Your objective:
From the records below, set down exactly the lines starting with the line that contains "El Rei Carnestoltes i la Reina del Carnaval llegeixen" and going on through the line that contains "中国文联理论研究室副主任 徐粤春". Nothing else is wanted.

##### Data for processing #####

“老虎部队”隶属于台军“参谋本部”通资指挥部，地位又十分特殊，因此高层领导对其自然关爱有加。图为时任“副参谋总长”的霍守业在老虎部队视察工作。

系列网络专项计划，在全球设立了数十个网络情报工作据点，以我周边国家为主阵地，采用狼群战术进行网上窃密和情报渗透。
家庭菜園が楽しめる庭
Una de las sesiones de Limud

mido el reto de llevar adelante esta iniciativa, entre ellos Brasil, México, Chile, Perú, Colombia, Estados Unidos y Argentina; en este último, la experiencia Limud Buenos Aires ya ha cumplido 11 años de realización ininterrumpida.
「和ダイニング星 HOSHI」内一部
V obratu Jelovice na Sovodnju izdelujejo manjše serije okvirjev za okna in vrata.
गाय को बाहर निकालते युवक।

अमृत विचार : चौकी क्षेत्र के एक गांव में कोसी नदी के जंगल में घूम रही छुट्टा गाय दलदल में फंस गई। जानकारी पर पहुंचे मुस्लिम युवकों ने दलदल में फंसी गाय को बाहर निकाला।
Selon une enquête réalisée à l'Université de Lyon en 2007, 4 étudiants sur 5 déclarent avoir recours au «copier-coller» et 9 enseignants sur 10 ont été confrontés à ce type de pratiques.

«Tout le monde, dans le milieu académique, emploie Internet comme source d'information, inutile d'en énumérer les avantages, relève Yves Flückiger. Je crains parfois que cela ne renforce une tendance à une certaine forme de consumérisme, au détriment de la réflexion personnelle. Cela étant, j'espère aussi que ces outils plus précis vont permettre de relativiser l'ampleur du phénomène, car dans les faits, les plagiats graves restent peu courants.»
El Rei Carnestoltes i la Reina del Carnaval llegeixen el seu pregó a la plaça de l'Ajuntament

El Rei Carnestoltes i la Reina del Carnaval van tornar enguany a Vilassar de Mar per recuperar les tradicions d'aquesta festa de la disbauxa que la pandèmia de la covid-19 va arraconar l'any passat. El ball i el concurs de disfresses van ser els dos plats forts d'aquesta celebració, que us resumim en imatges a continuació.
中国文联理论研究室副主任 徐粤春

#####
##### Data for processing #####

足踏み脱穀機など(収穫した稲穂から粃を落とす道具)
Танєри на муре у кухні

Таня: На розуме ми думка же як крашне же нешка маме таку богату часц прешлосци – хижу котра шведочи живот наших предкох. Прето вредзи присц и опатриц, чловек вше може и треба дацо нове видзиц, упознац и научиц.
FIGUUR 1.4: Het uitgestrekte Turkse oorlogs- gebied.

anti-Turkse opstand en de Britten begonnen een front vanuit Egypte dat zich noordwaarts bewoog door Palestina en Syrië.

#####
##### Data for processing #####

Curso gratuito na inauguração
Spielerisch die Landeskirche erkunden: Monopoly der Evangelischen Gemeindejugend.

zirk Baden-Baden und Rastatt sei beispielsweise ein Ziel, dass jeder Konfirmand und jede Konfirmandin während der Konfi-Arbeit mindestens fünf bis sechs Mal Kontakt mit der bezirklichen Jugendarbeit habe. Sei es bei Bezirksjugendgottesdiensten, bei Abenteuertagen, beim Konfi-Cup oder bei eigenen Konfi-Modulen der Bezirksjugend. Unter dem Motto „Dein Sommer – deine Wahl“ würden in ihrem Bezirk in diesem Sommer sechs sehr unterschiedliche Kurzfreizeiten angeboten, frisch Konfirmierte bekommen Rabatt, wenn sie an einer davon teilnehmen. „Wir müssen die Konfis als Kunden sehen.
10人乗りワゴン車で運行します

#####

Response below:
El Rei Carnestoltes i la Reina del Carnaval llegeixen el seu pregó a la plaça de l'Ajuntament

El Rei Carnestoltes i la Reina del Carnaval van tornar enguany a Vilassar de Mar per recuperar les tradicions d'aquesta festa de la disbauxa que la pandèmia de la covid-19 va arraconar l'any passat. El ball i el concurs de disfresses van ser els dos plats forts d'aquesta celebració, que us resumim en imatges a continuació.
中国文联理论研究室副主任 徐粤春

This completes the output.